The key to finding new customers is to have a targeted plan

by Joan Adams

Selling wisdom says that if you want to increase your sales, the starting point should be selling more to your existing clients. This is a reasonable approach because your current customers know you – value your products and services – and choose to buy from you as opposed to others.

As far as starting points go – this is also good – you should be selling more to your current customer base. But at some point you need to find and sell to new customers if for no other reason than there's a natural attrition rate. Old reliable customers get bought out by larger entities, which have their own sources of supply. Companies move, go out of business or change their business direction. In order to grow – heck, in order to maintain steady sales – you need to do more than sell to your regular, loyal customers and start selling to totally new ones. This brings about a whole bunch of questions: Which companies? Where are they? How to find them? How to sell to them?

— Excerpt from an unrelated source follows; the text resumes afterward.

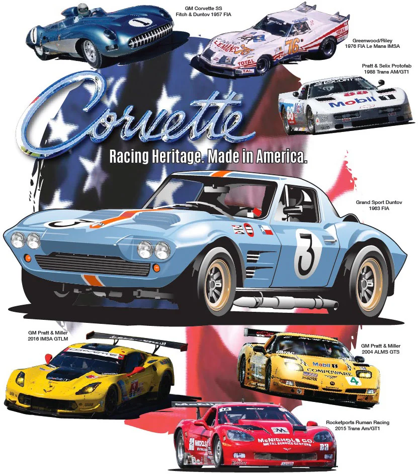 Exclusive new design Corvette Racing Heritage, Made in America. Show your colors. Order here
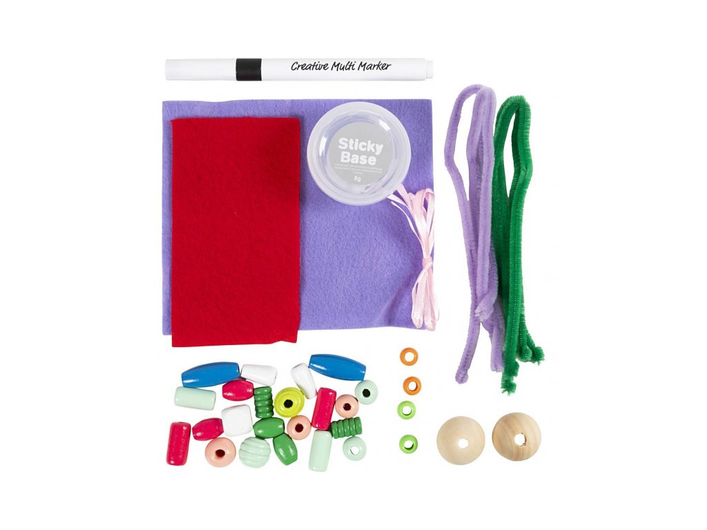 Lepiaca hmota, chlpaté drôtiky, drevené korálky, saténová stuha, plsť, plastové korálky a fix

Far too many companies facing these very questions cast a truly wide net. They haven't stopped to think about what kind of companies they are looking for and – fearing they might miss an opportunity – go after everything. These companies spend a lot of time, shoe leather, cell phone minutes and all-around general effort and the results are often disappointing. In short, banging on every door, sending out a jillion mailings or e-mails can be a long, hard slog and probably won't get you those new customers you need. The key to finding good (meaning profitable) new customers (and equally important new markets) is to have a targeted plan, a laser-like focus on what you are looking for and what you want to do once you find them. The first step in developing a good strategic sales plan is using a technique called SWOTs.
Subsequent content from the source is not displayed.